As previously mentioned, we will use L2 regularisation since we want to enforce a single optimsal solution (namely the targeted positions $y_t$). This way we constrain the accuracy during training (or the potential to overfit) by ensuring better generalisation achieved via efficient (in terms of compute) approach. In addition, we clip our gradients between 10 and -10 and ensure we will not face problems associated with exploding gradients. Finally, we will use RMS-Prop, an unpublished optimisation algorithm. The algorithm is famous for using the second moment representing the variation of the previous gradient squared. As an alternative, we can use Adam [9] which normalises the gradients using first and second moment which also corrects for the bias during training. However, empirically, we found RMS-Prop to work better in this task. We hypothesise that this could be due the fact that we are interested in exploiting some of the biases of motion as we do not aim to generalise to other agents than human beings. You can find out more about different optimisation algorithms in S. Ruder’s blog post.
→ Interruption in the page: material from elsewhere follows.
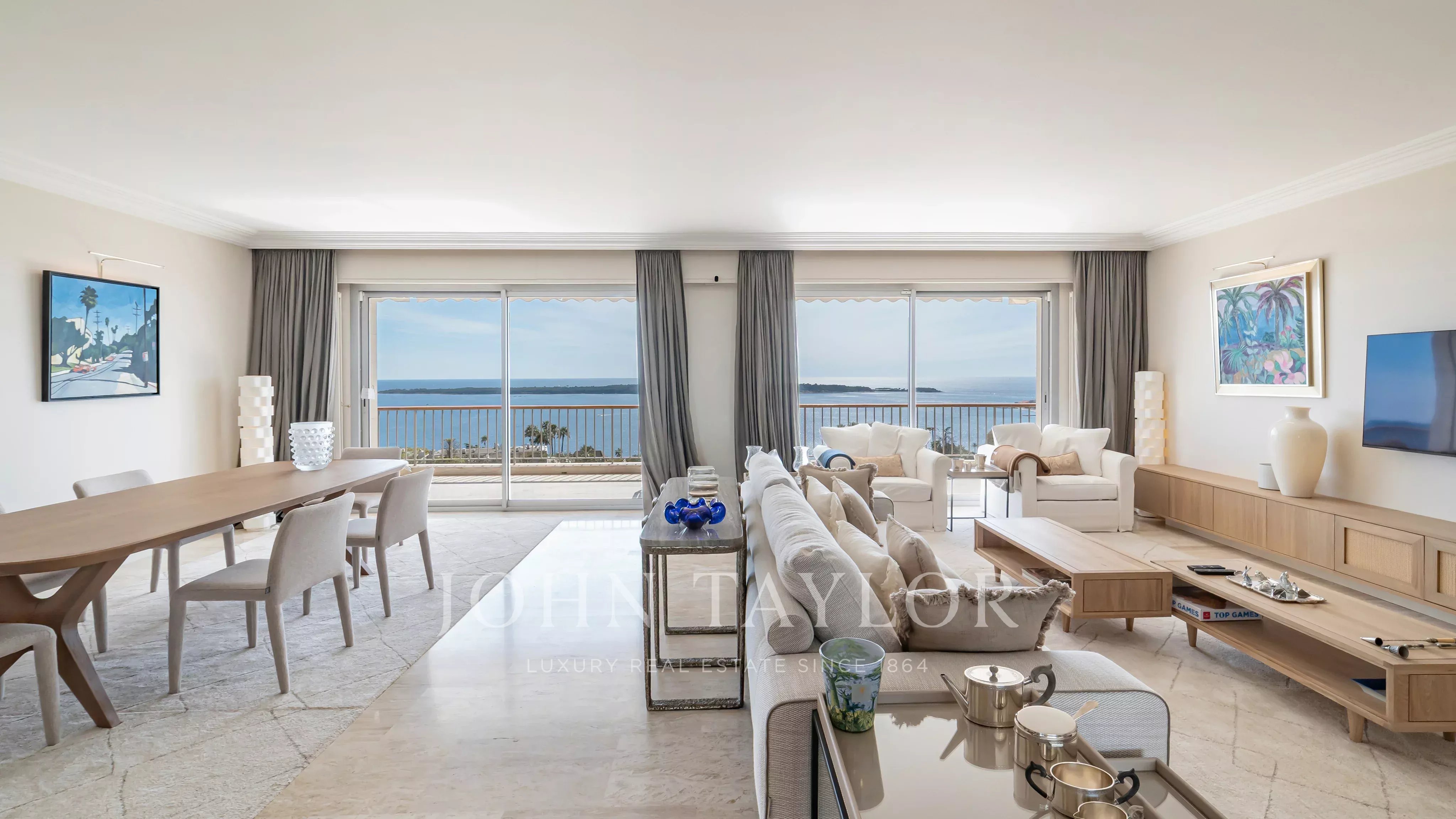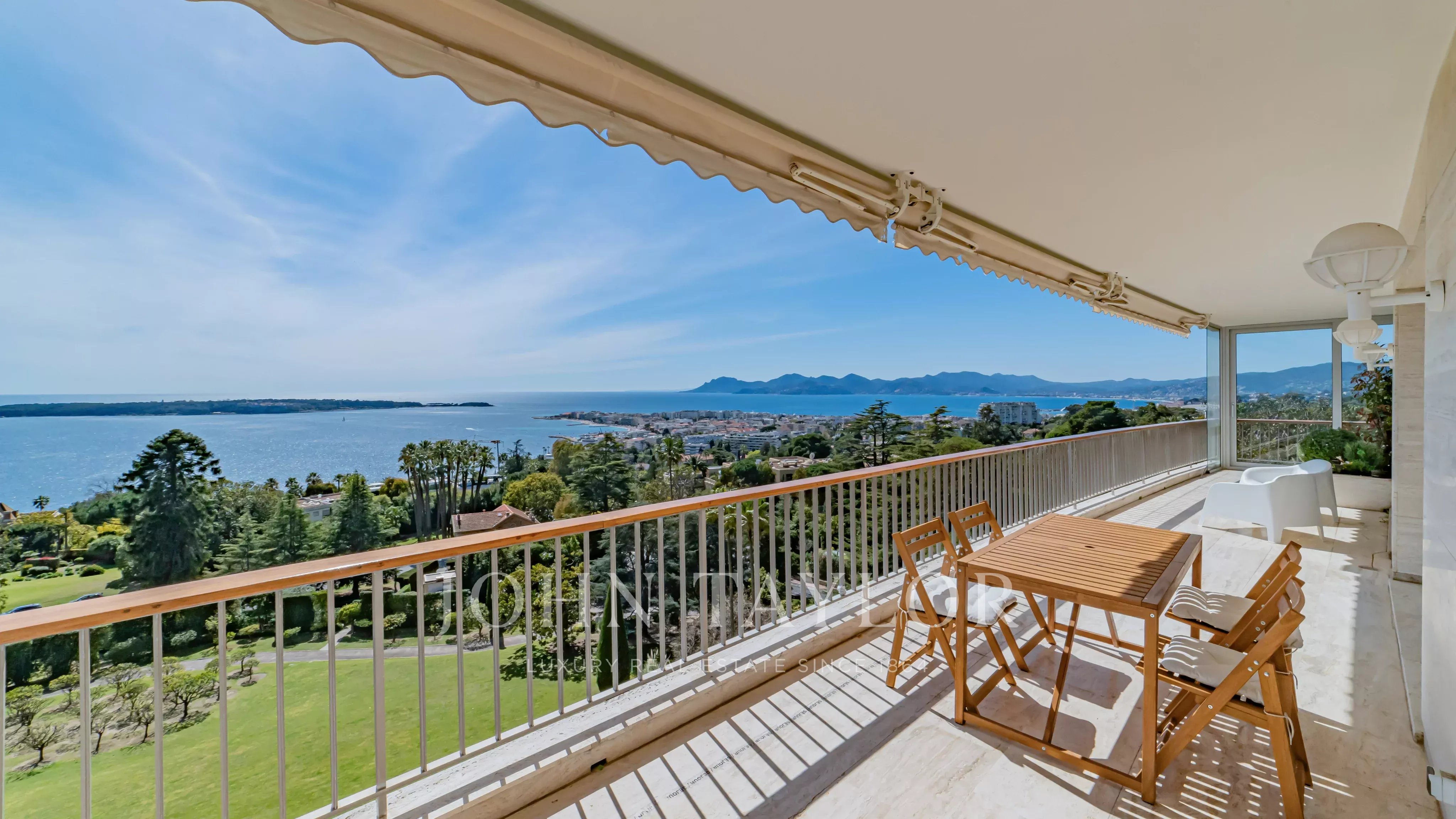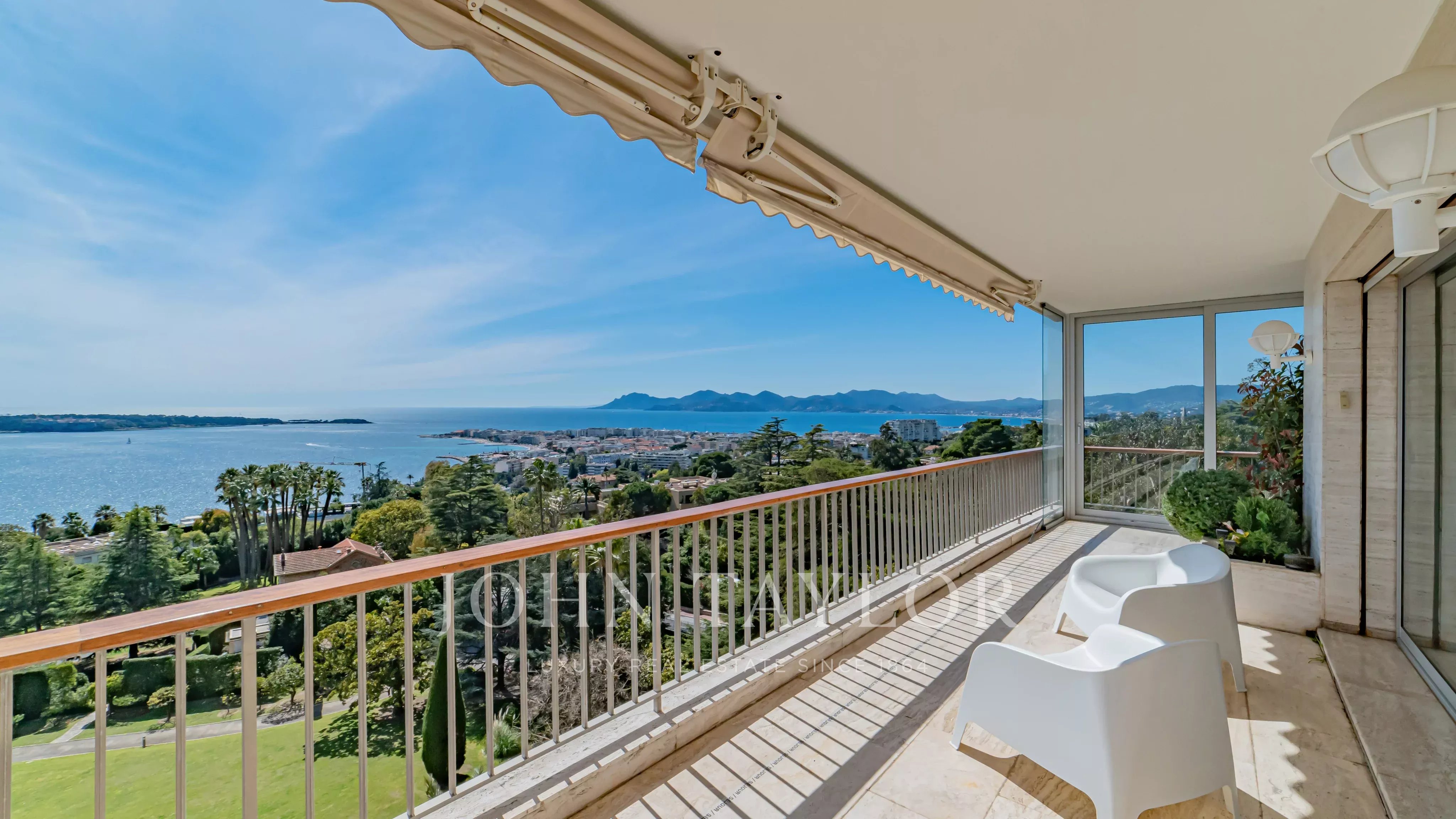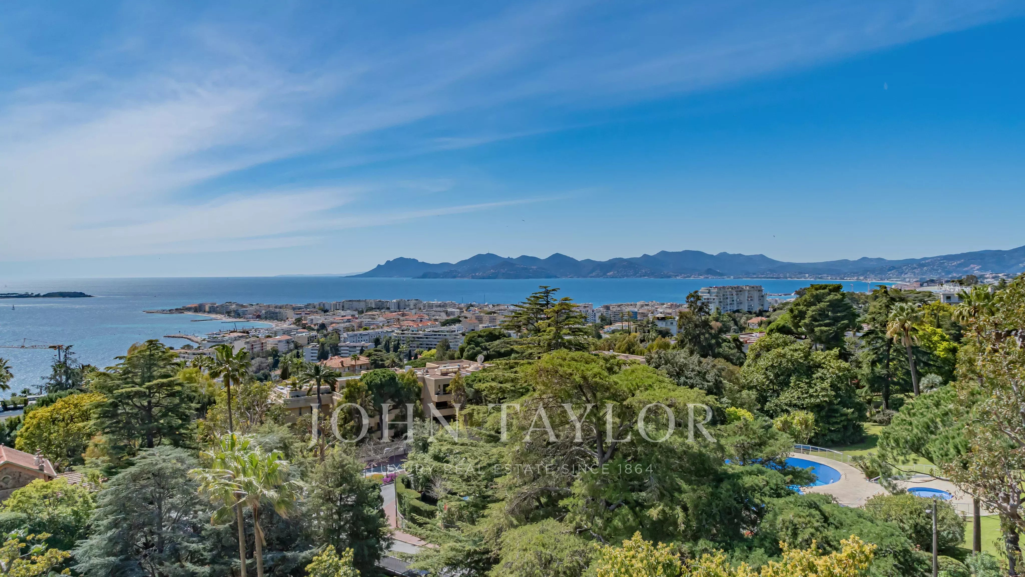 Situé dans une résidence de prestige avec piscine, tennis, navette et concierge, ce somptueux appartement d’angle d’environ 213 m² habitable (190 Loi Carrez), en étage élevé, offre une vue imprenable sur la mer, les îles de Lérins, la baie de Cannes et l’Estérel.

if self.mode != tf.contrib.learn.ModeKeys.INFER:
  with tf.name_scope("Optimization"):
    lossfunc = self.get_lossfunc(o_mux, o_muy, o_sx, o_sy, o_corr, x_data, y_data)

    self.cost = tf.div(lossfunc, (self.batch_size * self.sequence_length))
    trainable_params = tf.trainable_variables()

    # apply L2 regularisation
    l2 = 0.05 * sum(tf.nn.l2_loss(t_param) for t_param in trainable_params)
    self.cost = self.cost + l2
    tf.summary.scalar('cost', self.cost)

    self.gradients = tf.gradients(self.cost, trainable_params)
    grads, _ = tf.clip_by_global_norm(self.gradients, self.grad_clip

    # Adam might also do a good job as in Graves (2013)
    optimizer = tf.train.RMSPropOptimizer(self.lr)
    # Train operator
    self.train_op = optimizer.apply_gradients(zip(grads, trainable_params))

    self.init = tf.global_variables_initializer()

Finally, we can define the entire model as shown in the section below.

reset_graph()
lstm = BasicLSTM(batch_size=BATCH_SIZE,
                 sequence_length=SEQUENCE_LENGTH,
                 num_units=NUM_UNITS,
                 embedding_size=EMBEDDING,
                 learning_rate=LR,
                 grad_clip=GRAD_CLIP,
                 mode=MODE)